> _Your objective_
The material below holds the lines to copy: from the one with "吃飽喝足後當然得運動一下,大家穿上原民服飾後,拿起弓箭準備活動一番。" up to and including the one with "边际油田开发、浮式生产技术、". Copy them exactly and skip the pictures.

> _Recorded information_
=== Section Start ===

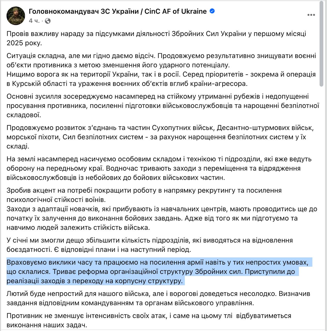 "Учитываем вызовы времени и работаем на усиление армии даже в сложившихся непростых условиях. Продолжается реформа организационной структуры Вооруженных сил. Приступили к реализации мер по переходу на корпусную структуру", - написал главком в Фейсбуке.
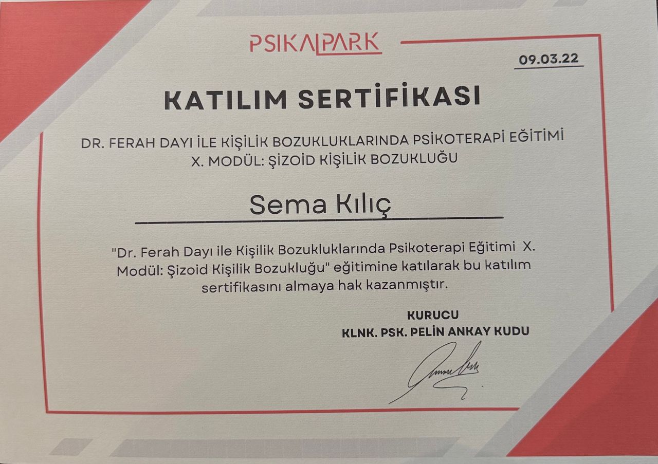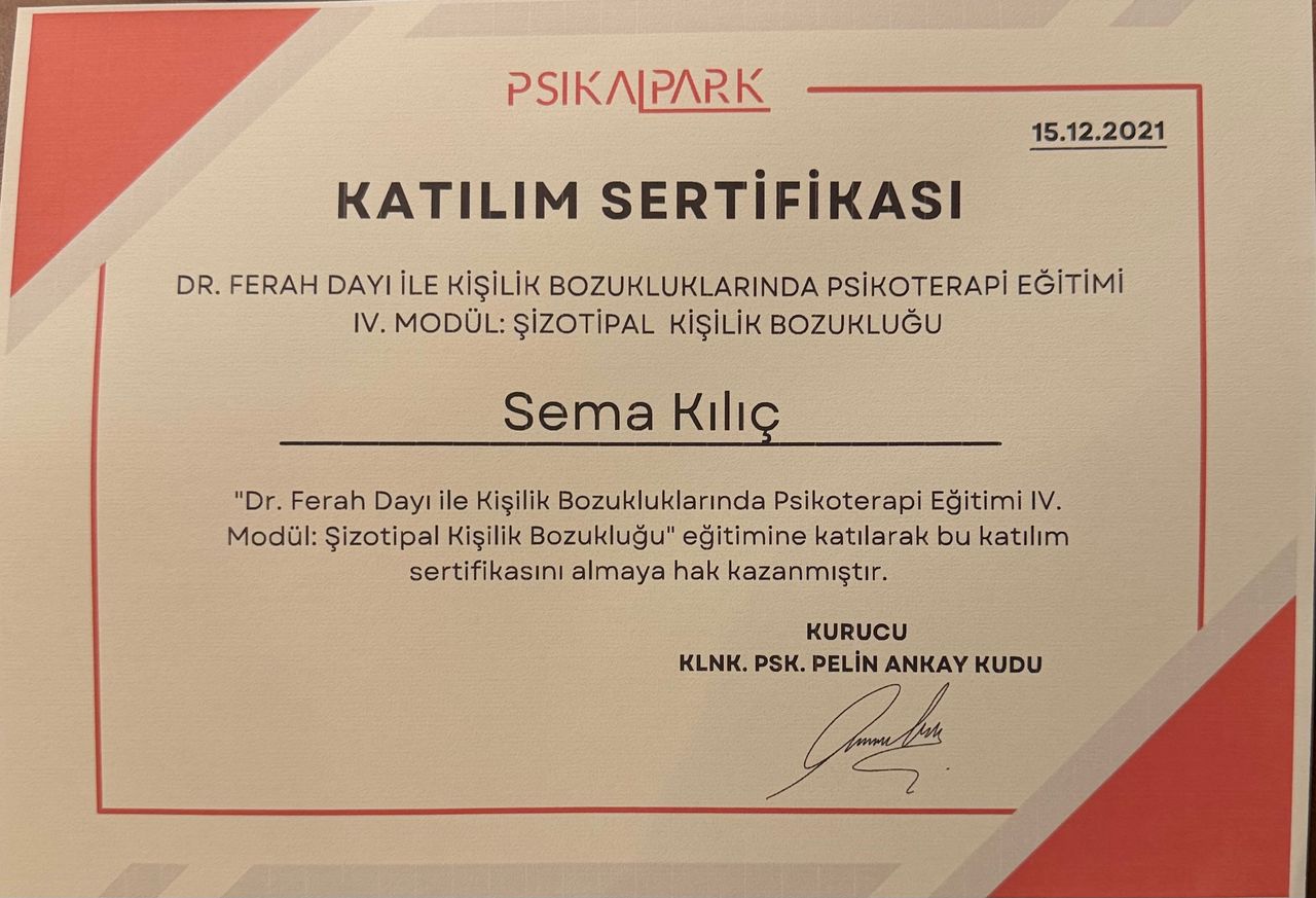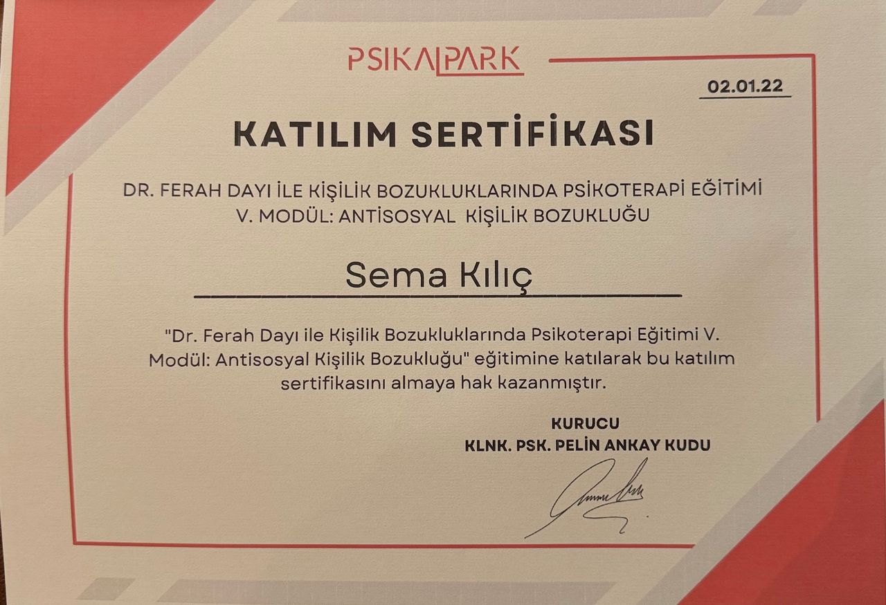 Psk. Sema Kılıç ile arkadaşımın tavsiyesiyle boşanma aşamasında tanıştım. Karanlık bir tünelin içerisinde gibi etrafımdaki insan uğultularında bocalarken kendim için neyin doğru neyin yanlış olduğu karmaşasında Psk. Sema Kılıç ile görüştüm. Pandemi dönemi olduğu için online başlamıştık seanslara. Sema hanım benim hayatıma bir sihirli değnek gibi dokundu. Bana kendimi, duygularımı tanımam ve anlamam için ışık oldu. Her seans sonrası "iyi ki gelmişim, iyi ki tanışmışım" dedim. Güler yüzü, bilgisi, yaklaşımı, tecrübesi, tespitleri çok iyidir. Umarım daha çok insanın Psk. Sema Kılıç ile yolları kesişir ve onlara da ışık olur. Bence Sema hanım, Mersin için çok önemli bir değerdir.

=== Section End ===
=== Section Start ===

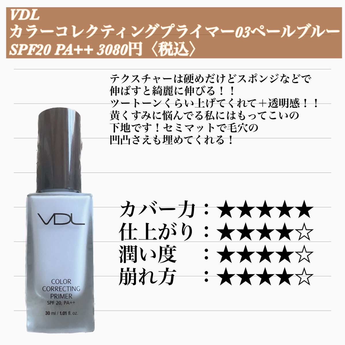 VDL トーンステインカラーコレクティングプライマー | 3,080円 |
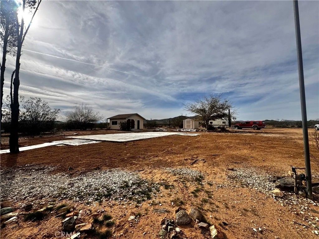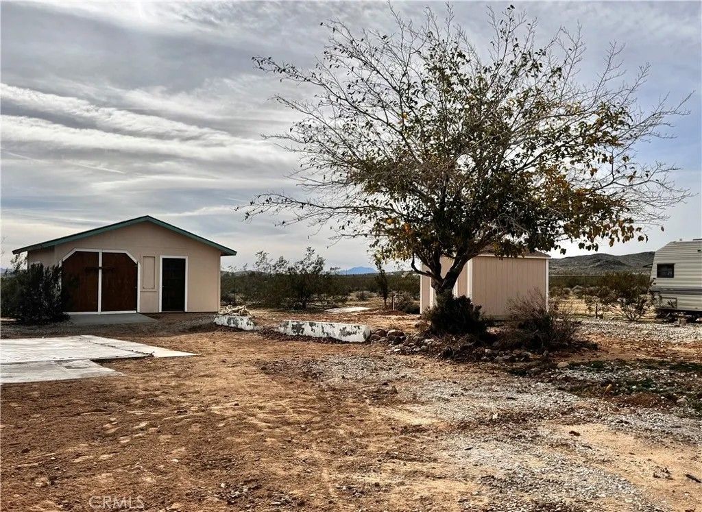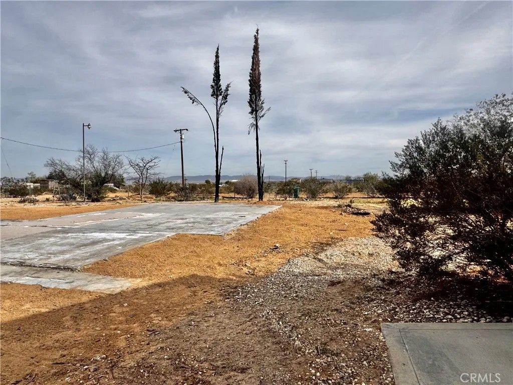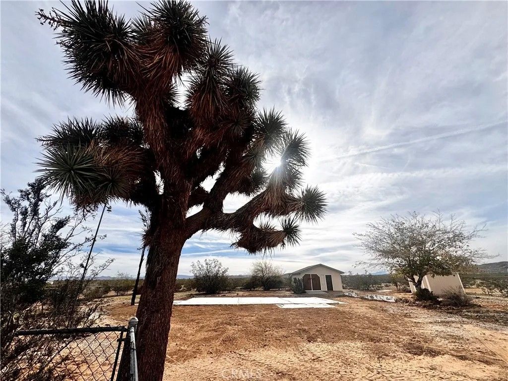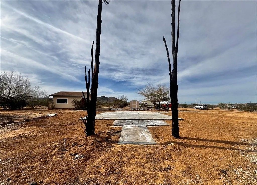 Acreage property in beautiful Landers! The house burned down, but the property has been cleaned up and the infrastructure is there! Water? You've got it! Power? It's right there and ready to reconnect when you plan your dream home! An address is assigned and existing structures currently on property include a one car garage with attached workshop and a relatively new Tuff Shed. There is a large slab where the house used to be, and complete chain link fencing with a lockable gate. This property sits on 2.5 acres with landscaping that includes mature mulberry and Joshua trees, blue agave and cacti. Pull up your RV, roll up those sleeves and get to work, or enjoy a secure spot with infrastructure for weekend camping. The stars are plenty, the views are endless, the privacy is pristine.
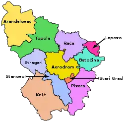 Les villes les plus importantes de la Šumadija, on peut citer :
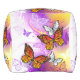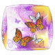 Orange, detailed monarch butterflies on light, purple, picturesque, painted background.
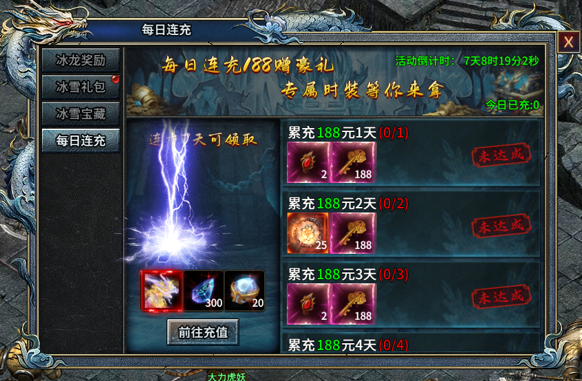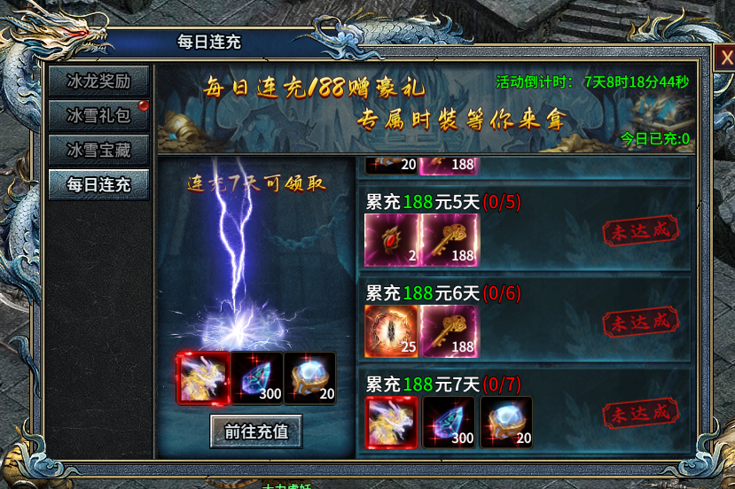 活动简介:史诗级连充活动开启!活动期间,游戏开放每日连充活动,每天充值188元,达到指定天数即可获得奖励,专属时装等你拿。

=== Section End ===
=== Section Start ===

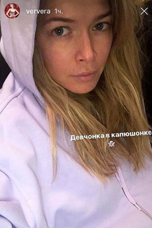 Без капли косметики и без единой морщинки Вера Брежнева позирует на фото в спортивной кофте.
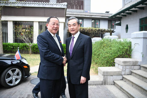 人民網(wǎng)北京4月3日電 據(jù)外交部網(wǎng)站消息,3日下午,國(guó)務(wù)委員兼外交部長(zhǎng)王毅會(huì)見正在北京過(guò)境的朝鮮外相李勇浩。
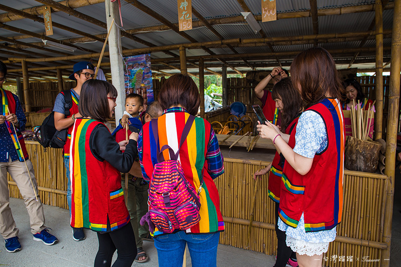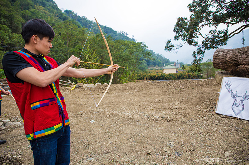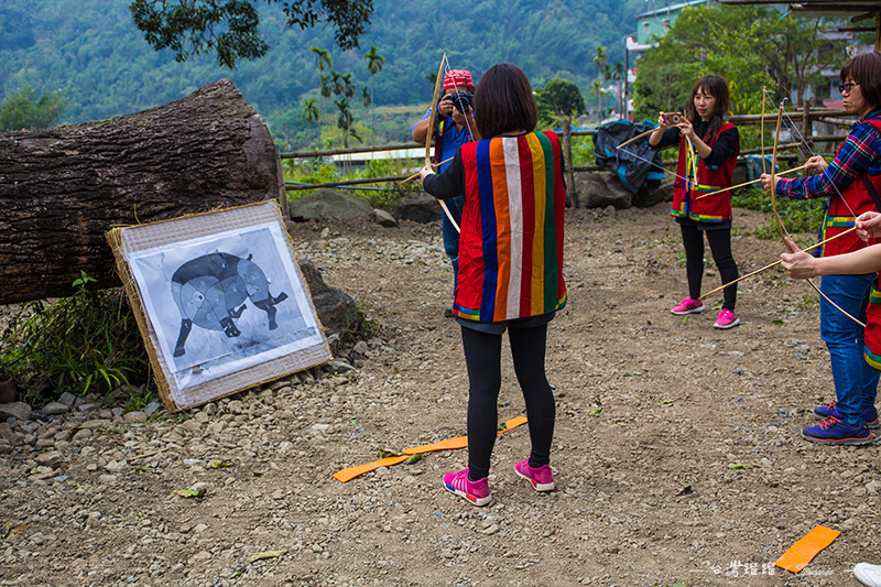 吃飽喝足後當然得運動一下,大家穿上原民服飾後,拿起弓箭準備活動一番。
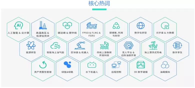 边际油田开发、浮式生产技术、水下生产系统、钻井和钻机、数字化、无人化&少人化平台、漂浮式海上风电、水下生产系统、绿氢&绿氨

=== Section End ===

> _Exercise solution_
 吃飽喝足後當然得運動一下,大家穿上原民服飾後,拿起弓箭準備活動一番。
 边际油田开发、浮式生产技术、水下生产系统、钻井和钻机、数字化、无人化&少人化平台、漂浮式海上风电、水下生产系统、绿氢&绿氨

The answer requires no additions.